BDEv: Big Data Evaluator


BDEv

[NEW] 07/09/2020: BDEv 3.5 released! Check out the News section

BDEv [1] is a benchmarking tool to evaluate Big Data processing frameworks in terms of performance, resource utilization, energy efficiency and microarchitecture-level events. It provides support for multiple frameworks (e.g. Hadoop, Spark, Flink) and manages the configuration needed to leverage the available computational resources like CPU, memory and network interfaces. The evaluation of these frameworks can be done by running different benchmarks (e.g. TeraSort, WordCount) included in the BDEv distribution, while also enabling the execution of custom commands. Moreover, BDEv eases the deployment of the frameworks over a cluster of nodes, the execution of the experiments and the task of gathering the results by providing automatically generated graphs.

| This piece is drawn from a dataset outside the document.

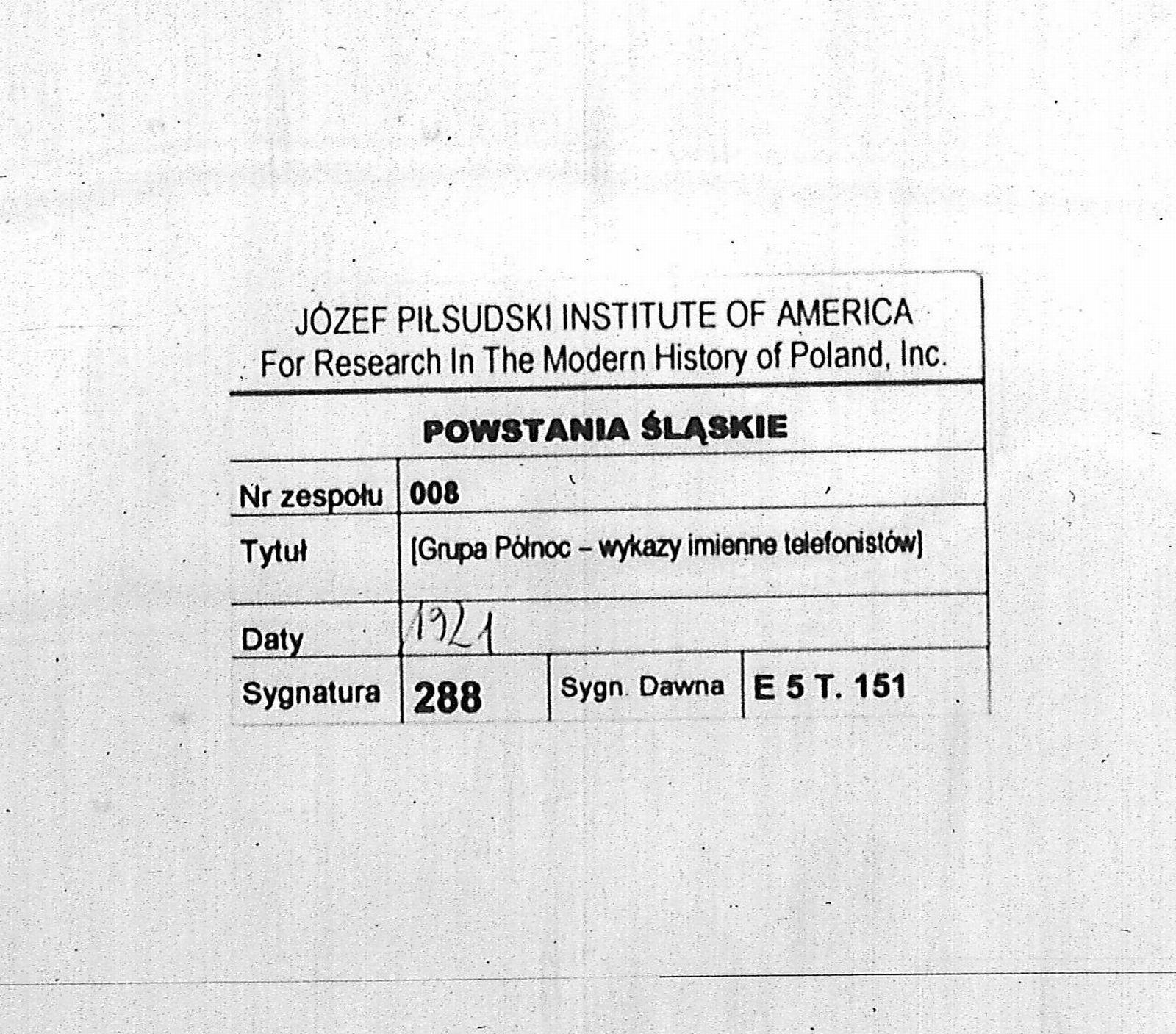 Prace nad odczytywaniem dokumentów z kolekcji: Powstania Śląskie nr 8 przechowywanej w archiwum Instytutu Piłsudskiego w Ameryce i dodawaniem danych do bazy trwają i dane te są cały czas poszerzane.

BDEv has evolved from MREv [2], which was originally aimed to evaluate HPC-oriented MapReduce frameworks. MREv has been used for research purposes in [3], which analyses the behaviour of HPC-oriented MapReduce frameworks on an HPC cluster. It has also been extensively used during the development and evaluation of Flame-MR [4, 5, 6], an efficient MapReduce framework that improves the performance of Hadoop, and for comparing the performance of Hadoop, Spark and Flink in [7].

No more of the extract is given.